Kiedy „Los Blancos” rozstawali się z Japończykiem, warunek był jeden: możliwośc odzyskania go w przyszłości. Wszystkie strony się zgodziły.
Obecny sezon w wykonaniu prawoskrzydłowego lub rozgrywającego wygląda znakomicie. Po powrocie z meczów reprezentacyjnych piłkarz zapisał na swoim koncie asystę, już trzecią, biorąc pod uwagę wszystkie rozgrywki. Jakby tego było mało, do siatki trafił on pięć razy.

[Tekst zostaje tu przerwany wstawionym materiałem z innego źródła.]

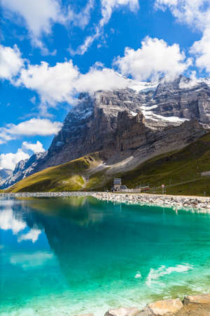 Stunning view of Eiger Northface and the glacier at the lake side of Fallbodensee on Bernese Oberland, Switzerland.

Znakomite występy nie pozostały niezauważane. Hiszpańskie media donosiły, że Real Madryt wykazuje zainteresowanie ponowną współpracą z Takefusą Kubo.
Jak informuje Fabrizio Romano, istotnie jest coś na rzeczy. „Królewscy” to w tej chwili jedyna rozważana przez 22-latka opcja. W grę wchodzi letnia przeprowadzka.

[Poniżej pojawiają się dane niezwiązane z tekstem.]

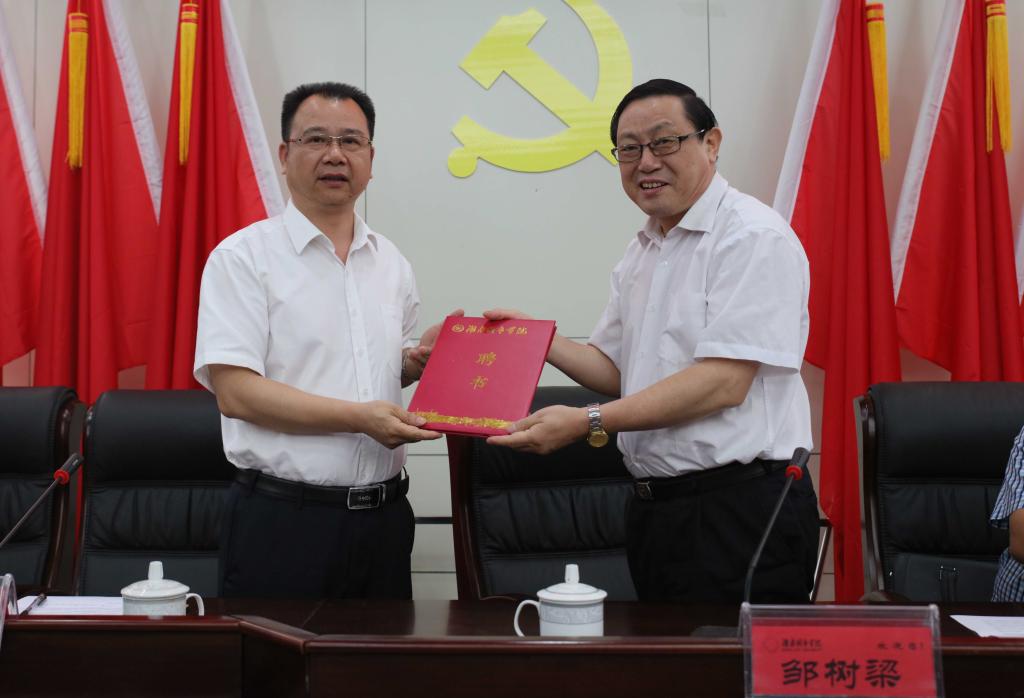 张福俭向我校授予“红旗出版社中国特色社会主义体系(益阳)研究中心”、“红旗书吧”牌匾,党委书记罗成翼和校长李建奇代表学校接牌。随后,张福俭向我校赠送以“学习习近平总书记系列重要讲话,为实现中华民族伟大复兴中国梦而奋斗”为主题的精品图书,李建奇代表学校向红旗出版社颁发捐赠证书,并聘任邹树梁教授为我校兼职教授。

Co prawda pojawiły się wieści o zakusach Manchesteru United, ale Anglicy nie wykonali żadnego kroku w tej sprawie.
Lider tabeli LaLigi ma opcję wykupu gracza za 30 milionów euro. To połowa klauzula wykupu w umowie Kubo.
28-krotny reprezentant Japonii w zespole mógłby zająć miejsce Brahima Díaza, który po powrocie z Milanu nie pokazał jak dotąd niczego szczególnego i nie stanowi takiego wzmocnienia, jakim był Marco Asensio.